そう。「いきなりフォーリンラブ案件」――。
しかしそれを友人に伝えると、「今さら?」と返ってくることがある。この「今さら」という言葉のやるせなさよ……。
いやいや人を好きになるタイミングなんて自由やん? とイラッとすると同時に「まあ確かにそうかもねゴメン」と己の鈍いアンテナにダメ出ししたくもなり。
遅れてきたマイブームというのは、複雑かつ切ない気分になるものだ。
そして2020年6月某日、私にも悩ましい「遅れてきたマイブーム」がやってきた。その人の名は今井翼。

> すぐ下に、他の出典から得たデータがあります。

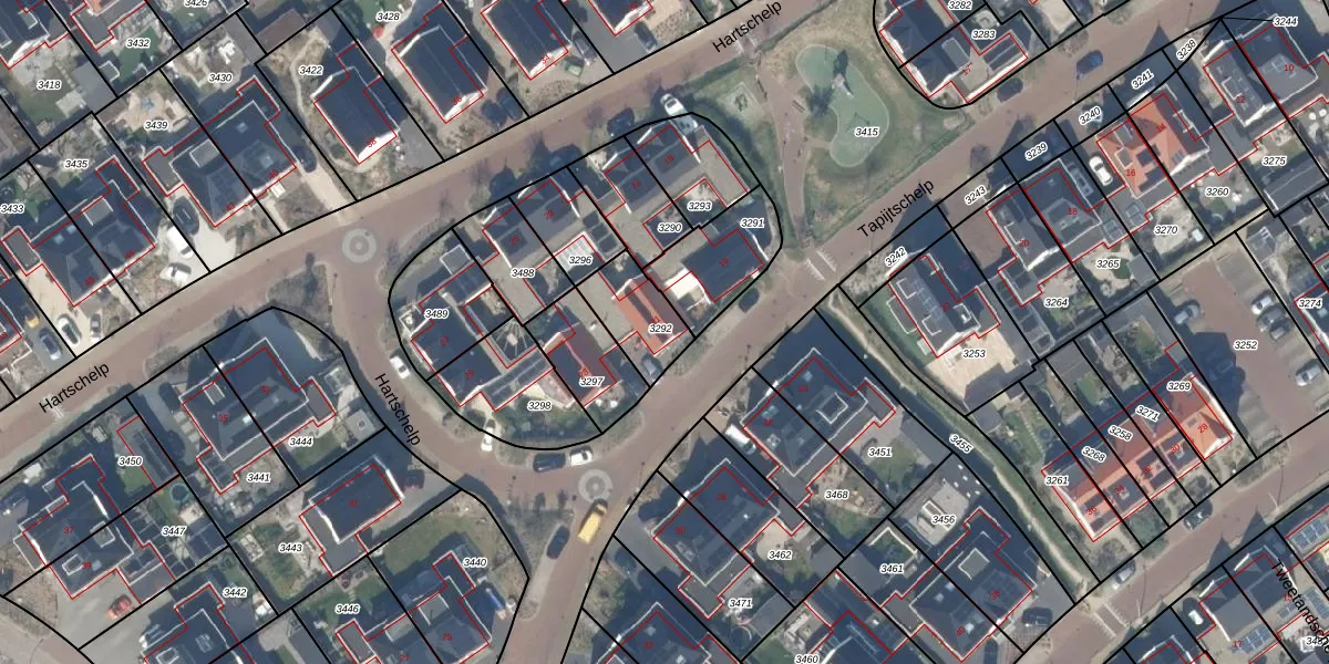 Gebruik de zoekbalk of klik op een perceel voor informatie over de adressen binnen dit perceel.

25年見逃してきたのに、今回恋に落ちるのに費やした時間たったの2秒!
きっかけは「麒麟がくる」の紹介動画「第21回 まとめ 決戦!桶狭間 5分ダイジェスト」である。オススメに上がってきたので何気なくクリックした。
が、2分52秒あたりでドカンとアップで映った毛利新介役がセクシー過ぎて、時間が止まった。誰!? このイカシた鎧兜。今井翼やないかい。
そんな私の驚きをさらに煽るように今井 翼、今川義元の首を討つためジャーンプ!!
演出そのものがすごかったが、この空中ポーズの完成度たるや!
左脚の絶妙な上がり具合、そして両手に持った槍を斜め上に振り上げるポーズが! 人間跳んでここまで体勢がキレイに決められるものなのかと目が釘付けになった。
その晩私は、3分10秒からの「今川義元がいたぞー!」のくだりから、「毛利新介、今川義元打ち取ったり」と叫ぶ3分27秒までを狂ったようにリピートし寝不足に。
おかげで今井 翼だけでなく今川義元役の片岡愛之助まで大好きになってしまった。好きは新たな好きを呼ぶ。